Median fiber cleavage time (black) and the fraction of successful runs (red) for different parameter values.
A: Median cleavage time and cleavage success rate as a function of the kinetic unbinding rate of plasmin from fibrin, kunbind. B: Median cleavage time and cleavage success rate as a function of the degradation and exposure rates of fibrin by plasmin, kdeg and kexp, respectively. C: Median cleavage time and cleavage success rate as a function of the crawling rate of plasmin, kcrawl. The top and bottom error bars show the 95th and 5th percentiles, respectively.
Fig 5.
Degradation pattern for four different parameter sets.

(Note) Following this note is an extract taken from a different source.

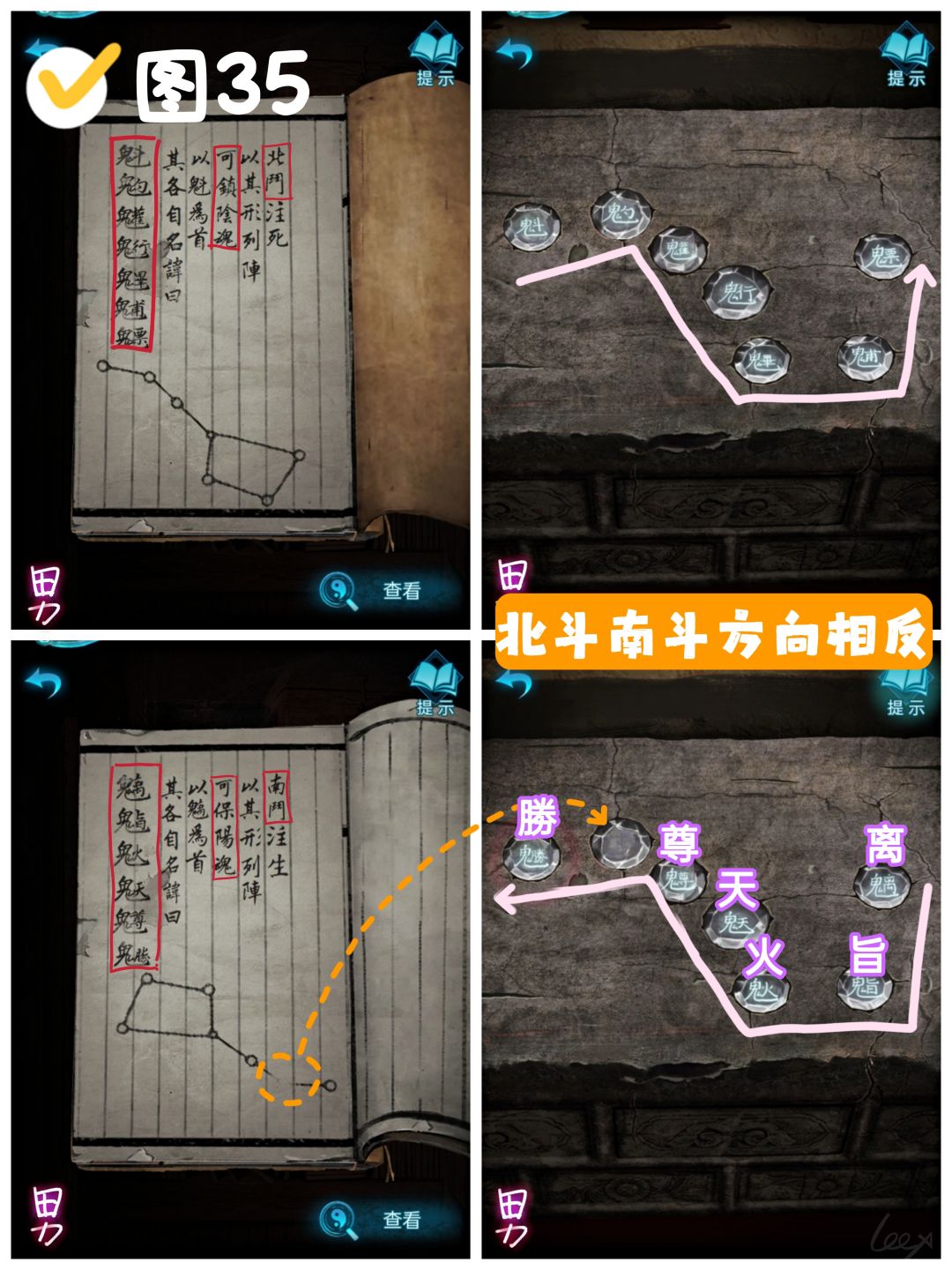 【蓝·申墨卿】打开横梁右侧书柜,阅读《名諱秘字》,根据第一页和第二页的线索,将死阵改为生阵,保阳魂,即北斗改为南斗。

Snapshots were taken when the percentage of degraded doublets in the cross-section was 18%, 36%, 54%, and 72%, from left to right. Each pixel represents a protofibril. The color bar indicates the number of degraded doublets at the given protofibril from 0 (blue) to 6 (yellow). The small red square shows the initial location of plasmin and the small black square shows where degradation first occurred. A: Baseline parameter values. B: Lower unbinding rate (kunbind = 0.01 s−1), other parameters at baseline values. C: Higher crawling rate (kcrawl = 120 s−1), other parameters at baseline values. D: Higher degradation and exposure rates (kdeg = kexp = 45 s−1), other parameters at baseline values.
Fig 6.
Median fiber cleavage time at different degraded doublet fractions.
The results are obtained from 10,000 simulations. A: Baseline parameter values. The top and bottom error bars show the 95th and 5th percentiles, respectively. B: Different parameter values. All parameter values are held fixed at the values listed in Table 1 except for the following: kunbind = 0.01 s−1 (red diamond), kkrawl = 120 s−1 (empty blue triangle), kexp = kdeg = 45 s−1 (solid orange triangle).
Fig 7.
Median cleavage time of different fiber sizes at different degradation fractions.

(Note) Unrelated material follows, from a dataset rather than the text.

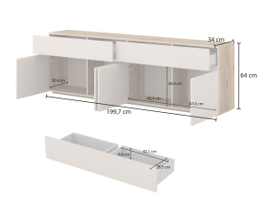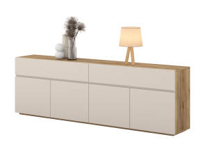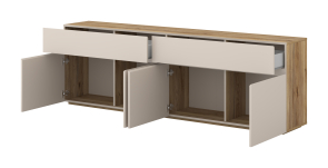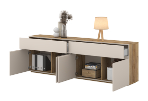 Vrchnú časť tvoria dve pohodlné zásuvky, spodnú časť tvoria štyri dvierka, ktoré vytvárajú dve samostatné skrinky po dvoch dvierkach, pričom vnútro je vertikálne predelené, bez vnútorných políc, čo umožňuje flexibilné uloženie väčších predmetov. Komoda stojí pevne na sokli, ktorý zdôrazňuje jej stabilitu a moderný dizajn.

The median cleavage times were measured with rate constants at their baseline values. The maximum degraded doublet fraction reached in the simulations decreases with thicker fibers because plasmin leaves the cross-section before it can degrade more doublets.
Fig 8.
Cleavage time as a function of scaled fiber diameter.

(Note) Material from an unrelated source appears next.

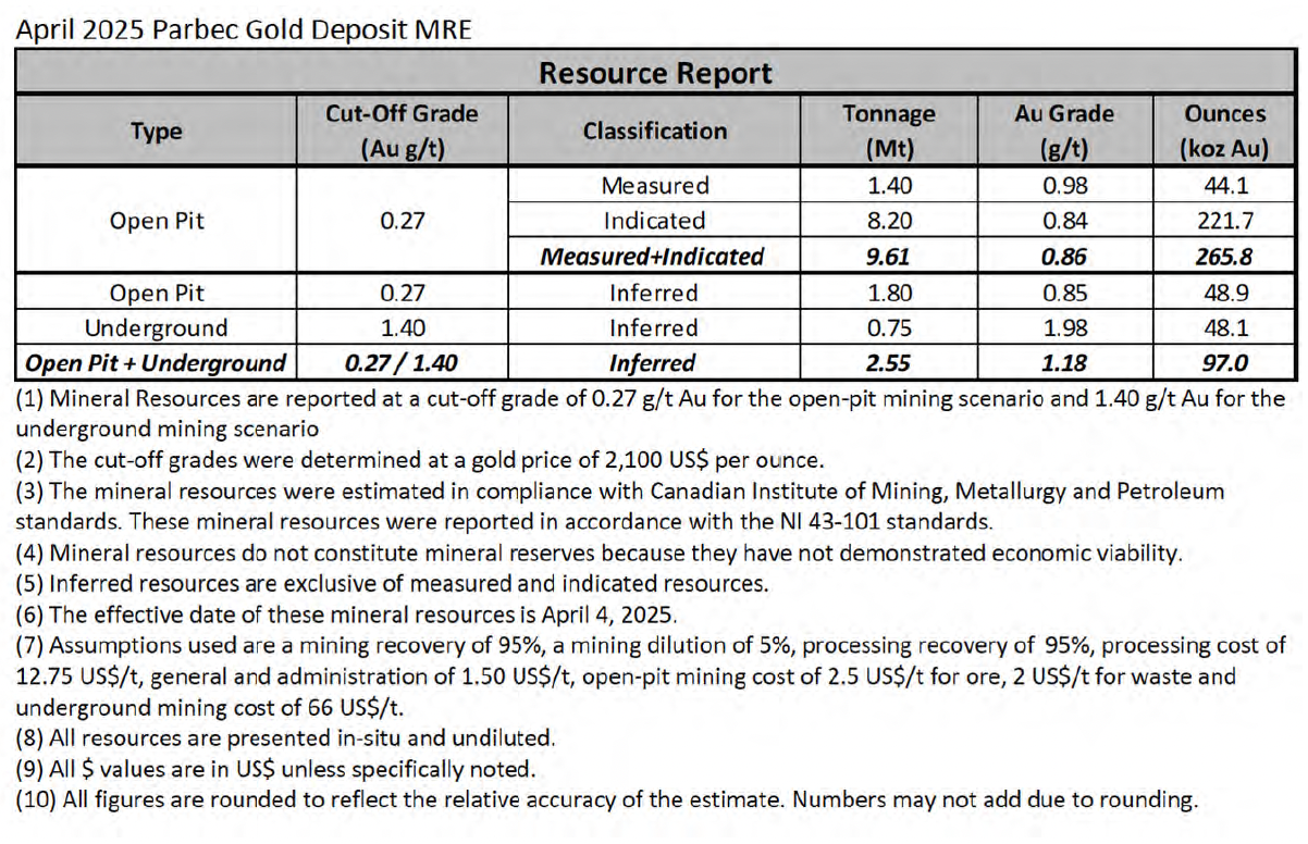 Renforth Resources is a junior exploration and development company focused on advancing gold and polymetallic projects in Québec’s Abitibi mining district. Its flagship asset, the wholly-owned Parbec Gold Deposit — located beside Agnico Eagle Mines Ltd.’s Canadian Malartic mine — currently hosts 265,800 ounces of gold in the Measured and Indicated categories within 9.61 Mt grading 0.86 g/t Au and and 97,000 ounces in the Inferred category within 2.55 Mt grading 1.18 g/t Au, within an open-pit scenario using a cut-off grade determined using a value of US$ 2,100 per ounce of Gold in April 2025.

A: Experimental data showing the cleavage time as a function of the scaled fiber diameter. The line of best fit had slope 18.487. B: Model data with baseline parameters showing cleavage time as a function of the scaled fiber diameter. cleavage was defined as when 0.05 (black, 5%), 0.10 (blue, 10%), 0.25 (pink, 25%), or 0.5 (cyan, 50%) of the doublets in the cross-section had been degraded. Lines of best fit were computed for each of those four different sets of data. C: The same model data as in B, but with lines of slope 18.5 passing through the median cleavage time at scaled fiber diameter 1.0.